This is an automated email from the ASF dual-hosted git repository.
tustvold pushed a commit to branch master
in repository https://gitbox.apache.org/repos/asf/arrow-rs.git
The following commit(s) were added to refs/heads/master by this push:
new a36bf7ade4 Parquet: clear metadata and project fields of
ParquetRecordBatchStream::schema (#5135)
a36bf7ade4 is described below
commit a36bf7ade4091f90ac5fad30716444e09c56051d
Author: Jeffrey <[email protected]>
AuthorDate: Tue Dec 5 23:27:28 2023 +1100
Parquet: clear metadata and project fields of
ParquetRecordBatchStream::schema (#5135)
* Parquet: clear metadata of ParquetRecordBatchStream::schema
* Revert "Parquet: clear metadata of ParquetRecordBatchStream::schema"

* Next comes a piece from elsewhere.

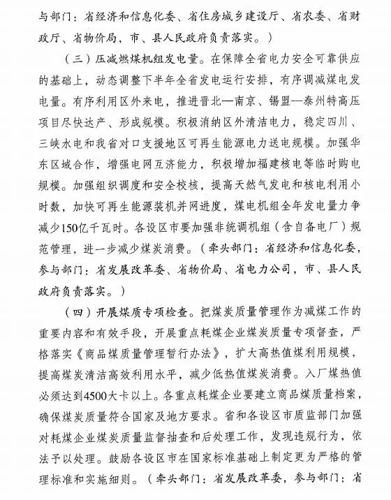 在保障全省電力安全可靠供應(yīng)的基礎(chǔ)上動態(tài)調(diào)整下半年全省發(fā)電運行安排,有序調(diào)減煤電發(fā)電量。加強組織調(diào)度和安全校核,提高天然氣發(fā)電和核電利用小時數(shù),加快可再生能源裝機并網(wǎng)進度,煤電機組全年發(fā)電量力爭減少150億千瓦時。

This reverts commit 84be336393018be53c3f0cd52155d717898ea3c7.
* Document expected behaviour
* Revert "Document expected behaviour"
This reverts commit ef9601e84a9494145e315d222dcf4a66b22dbbef.
* Reapply "Parquet: clear metadata of ParquetRecordBatchStream::schema"
This reverts commit fd662ad84b60275e329e23617e8f3e81796bfa3e.
* ParquetRecordBatchStream should strip schema metadata and respect
projection
* Fix projection of nested fields
---
parquet/src/arrow/arrow_reader/mod.rs | 4 +
parquet/src/arrow/async_reader/mod.rs | 136 ++++++++++++++++++++++++++++++++--
2 files changed, 135 insertions(+), 5 deletions(-)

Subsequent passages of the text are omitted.